Social media platforms brace for chaos during midterm elections – Press Enterprise

By DAVID KLEPPER | Associated Press

A Facebook search for the words “election fraud” first yields an article claiming that employees at a Pennsylvania children’s museum are brainwashing children into accepting stolen elections.

Facebook’s second suggestion? A link to an article from a site called MAGA Underground stating that the Democrats are planning to manipulate next month’s midterms. “You should still be mad about the fraud that happened in 2020,” the article emphasizes.

With less than three weeks before polls close, there is a plethora of misinformation about voting and elections on social media, despite promises from tech companies to tackle a problem attributed to increasing polarization and mistrust.

While platforms such as Twitter, TikTok, Facebook and YouTube say they have expanded their work to detect and stop harmful claims that could suppress the mood or even lead to violent confrontations, a review of some of the sites that they’re still catching up with 2020, when then-President Donald Trump’s lies about the election he lost to Joe Biden sparked a U.S. Capitol uprising.
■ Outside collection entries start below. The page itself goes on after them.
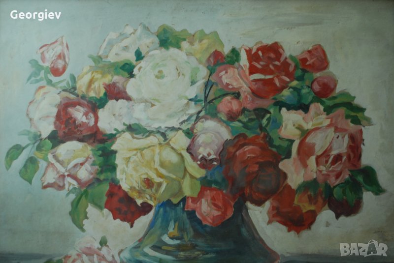 Стара картина,ваза с цветя, български автор, 1950-те год. → Обява 22823989
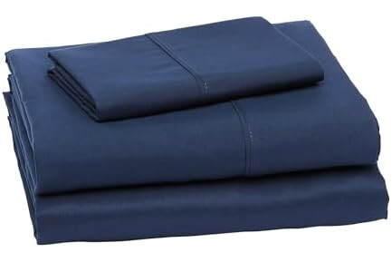 Amazon Basics Lightweight Super Soft Easy Care Wrinkle Free Microfiber 3 Piece Bed Sheet Set with 14-Inch Deep Pockets, Twin, Navy Blue, Solid, Kids, Men & Women Bedding (Pack of 4)
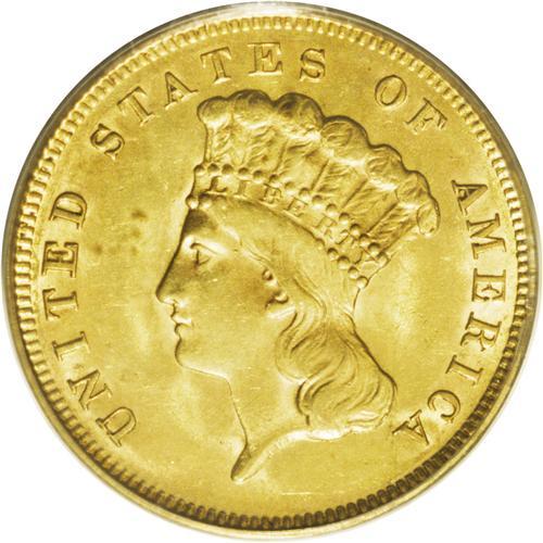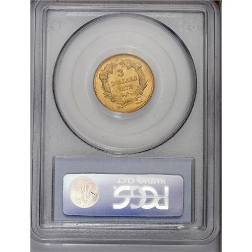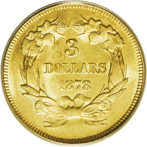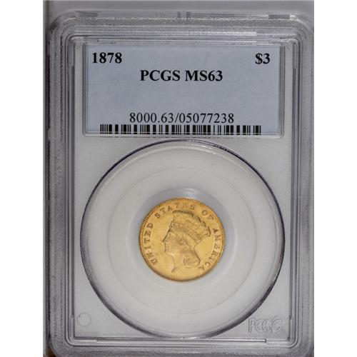 <B>1878<$3> MS63 PCGS.</B></I> While it is viewed as a relatively common issue by specialists, among non-specialists, the 1878 three dollar gold piece has its own mystique as the perfect type coin. The mintage of 82,304 business strikes, second-highest in the series, is just one of the factors. Others include the frosty luster evident on most examples, including this one; a wide range of colors, from light green to the orange-gold of this coin, almost all of them vivid; and the circumstances that led to many examples being stored in bank vaults, away from circulation. The present example has few marks, most of which appear on the reverse, though some striking weakness on the hair does limit the technical grade. Overall, a pleasing example with excellent eye appeal.
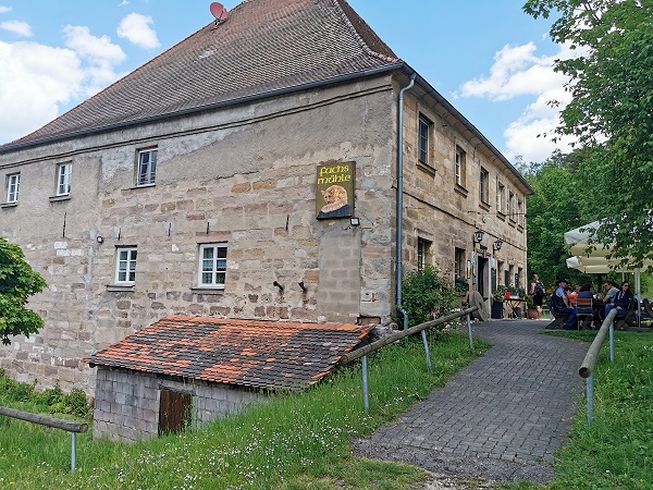 Auf dem Weg von Schwäbisch Hall nach Regensburg waren wir an einem warmen Sonnentag unterwegs und es war Muttertag. In einem abgelegenen Restaurant in Mittelfranken namens Fuchsmühle hatten wir schon vor Monaten für 12:00 Uhr einen Tisch reserviert. Das war gut so, denn hier war an diesem Mittag jeder Tisch gleich mehrfach belegt. Immer wieder mussten Wanderer ohne Reservierung wieder weggeschickt werden. Alle wollten bei dem schönen Wetter in den Biergarten - es waren aber alle 60 Plätze schon belegt. Satt und zufrieden von der üppigen Portion machten wir uns nach dem Essen auf den Weg, zuerst zum Kloster Plankstetten und danach fuhren wir ein Stück durch das Altmühltal.
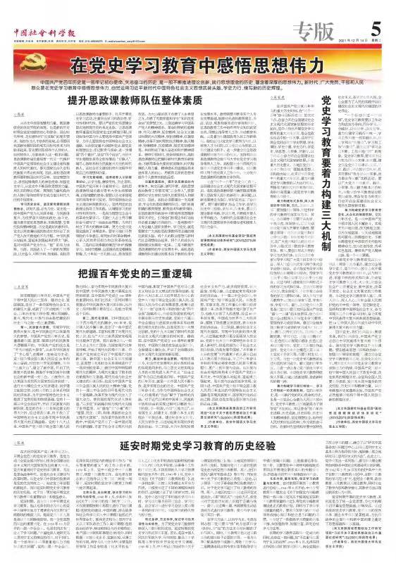 2021年12月14日,《中国社会科学报》第5版以“理论与实践相统一,在党史学习教育中感悟思想伟力”为主题刊发了我校马克思主义学院教师的4篇理论文章。分别为高岩教授撰写的《提升思政课教师队伍整体素质》、吴家虎副教授撰写的《党史学习教育要着力构建三大机制》、王宗军老师撰写的《把握百年党史的三重逻辑》、张波老师撰写的《延安时期党史学习教育的历史经验》。四篇文章聚焦党史学习教育的理论与实践,分别从党史学习教育与思政课教师队伍建设、党史学习教育的机制构建、党史深层逻辑的把握、延安时期党史学习教育的经验总结等不同视角展开分析,用党的历史经验启迪智慧。
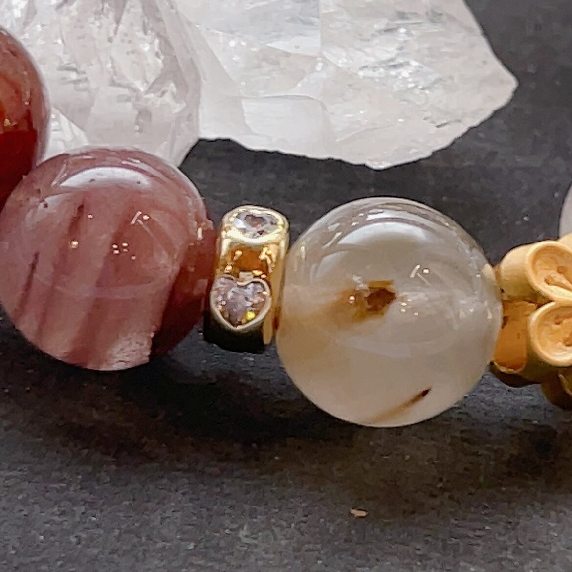 12mmサゲニティッククォーツ★パワーストーンブレスレット★ブラウン〜オレンジ
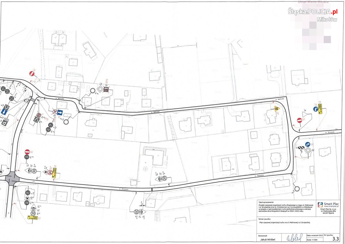 - Wprowadzenie ruchu jednokierunkowego na odcinku ulicy Malinowej i Strażackiej
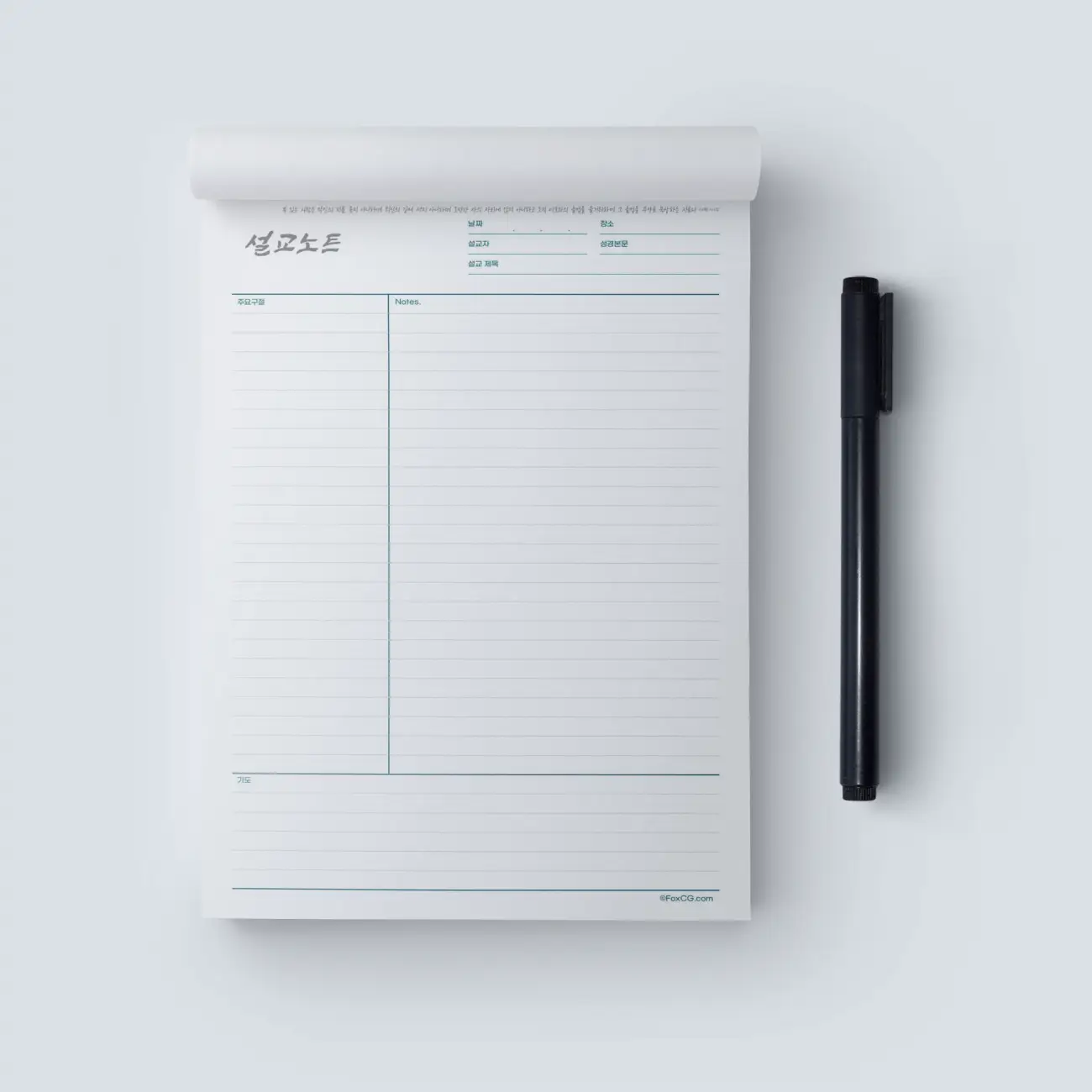 시중에는 구입하여 사용할 수 있는 설교노트 제품들이 많이 있는데, 개인의 취향에 맞춘 설교노트 양식을 구하는 것은 쉽지 않습니다.

“You’d think they would have learned by now,” said Heidi Beirich, founder of the Global Project Against Hate and Extremism and member of a group called the Real Facebook Oversight Board that has criticized the platform’s efforts. “This is not their first election. This should have been addressed before Trump lost in 2020. The damage is quite deep right now.”

If these US-based tech giants can’t properly prepare for a US election, how can anyone expect them to handle foreign elections, Beirich said.

Mentions of a “stolen election” and “voter fraud” have skyrocketed in recent months and are now two of the three most popular terms in discussions about this year’s election, according to an analysis of social media, online and broadcast content conducted by media outlets. intelligence agency Zignal Labs on behalf of The Associated Press.

On Twitter, Zignal’s analysis found that tweets reinforcing conspiracy theories about the upcoming election have been reposted many thousands of times, alongside posts reiterating debunked claims about the 2020 election.

Most major platforms have announced steps to curb voting and election misinformation, including labels, warnings, and changes to systems that automatically recommend certain content. Users who consistently break the rules may be banned. Platforms have also partnered with fact-checking organizations and news outlets such as the AP, which is part of Meta’s fact-checking program.

“Our teams continue to closely monitor the midterms and are working to quickly remove content that violates our policies,” YouTube said in a statement. “We remain vigilant before, during and after Election Day.”

Meta, the owner of Facebook and Instagram, announced this week that it had reopened its election command center, which oversees real-time efforts to fight election misinformation. The company rejected criticism that it is not doing enough and denied reports that it had reduced its number of election-focused employees.

“We are investing a significant amount of resources, with work spanning more than 40 teams and hundreds of people,” Meta said in an emailed statement to the AP.

The platform also said that starting this week, anyone who searches Facebook with keywords related to the election, including “election fraud,” will automatically see a pop-up window with links to trusted voting resources.

TikTok set up an election center earlier this year to help voters in the US learn how to register to vote and who’s on their ballot. The information is provided in English, Spanish and over 45 other languages. The platform, now a leading source of information for young voters, also adds labels to misleading content.

“Providing access to authoritative information is an important part of our overall strategy to combat electoral misinformation,” the company said of its efforts to prepare for the midterm elections.

But policies designed to stop harmful election misinformation are not always consistently applied. For example, false claims can often be buried deep in the comments section, where they can nevertheless leave an impression on other users.

A report released last month from New York University accused Meta, Twitter, TikTok and YouTube of amplifying Trump’s false statements about the 2020 election. The study cited inconsistent rules regarding misinformation and poor enforcement.

Concerned about the amount of misinformation about voting and elections, a number of groups have urged tech companies to do more.

“Americans deserve more than lip service and half measures from the platforms,” said Yosef Getachew, director of Common Cause’s media and democracy program. “These platforms are armed by enemies of democracy, both abroad and at home.”

Disinformation about elections is even more prevalent on smaller platforms popular with some conservatives and far-right groups such as Gab, Gettr and TruthSocial, Trump’s own platform. But those sites have a small audience compared to Facebook, YouTube or TikTok.

Beirich’s group, the Real Facebook Oversight Board, drew up a list of seven recommendations for Meta aimed at reducing the spread of misinformation ahead of the election. They include changes to the platform that would promote content from legitimate news outlets over partisan sites that often spread misinformation, as well as more focus on misinformation targeting voters in Spanish and other languages.

Meta told the AP that it has expanded its fact-checking network since 2020 and now has twice as many Spanish-language fact-checkers. The company also launched a Spanish-language fact-checking tip line on WhatsApp, another platform it owns.